Even so, Korean women didn't take kindly to this slight and began rejecting the "the ideals of men equally potent, provider types." Coupled with the influence of Japanese comics, the emergence of "flower boys" in advertising and new movies that sold the soft, feminine male, they began pining for partners that were "more interested in satisfying them than their companies."
S uspicious that mainstream media sources were cherry-picking narratives that fabricated Korean men seem kooky, I reached out to my good friend Hyoung Jun Rim in Seoul. Hyoung is a record producer in the thick of all things 1000-Pop and a professor of music at the Korea Art Solarium.

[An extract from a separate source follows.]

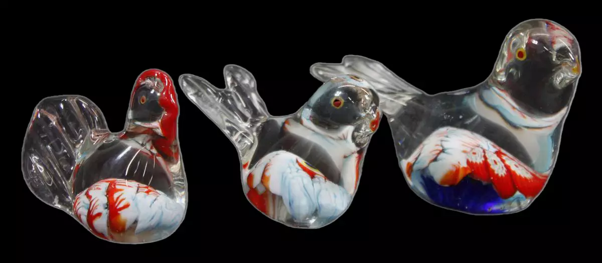 3Kpl lasilintuja Valko, sini, puna. turkoosipohja Korkeudet 5cm 5cm ja 4cm

He admits that Korean men apply makeup on a daily ground, but improved chore prospects are only part of the equation. "It is about competition, just not only for job interviews." There is a "self-satisfaction" that comes from looking skilful in the mirror and highly-seasoned to the opposite sex, Hyoung says. In short, a need to preen every bit human as hitting the john, although what constitutes "handsome" in South korea today might incur homophobic slurs elsewhere.
Hyoung also doesn't buy the Japanese cultural imports or IMF Crisis theories to explain the shift in masculine standards. K-Pop, he suggests, is a relatively new manufacture all the same experimenting with its image and focused solely on making money. Korean boy bands similar TVXQ and EXO, for example, are actually pop in manga-obsessed Japan, so androgyny could but exist a branding strategy.
Seoul may exist the male person makeup capital letter of the world, but personally Hyoung nonetheless puzzles over why South Koreans are infatuated with waif-like men wearing heavy cosmetics. He tells me he overhears people enthusing, "That guy'south head is sooo small, so handsome!" and only shakes his caput.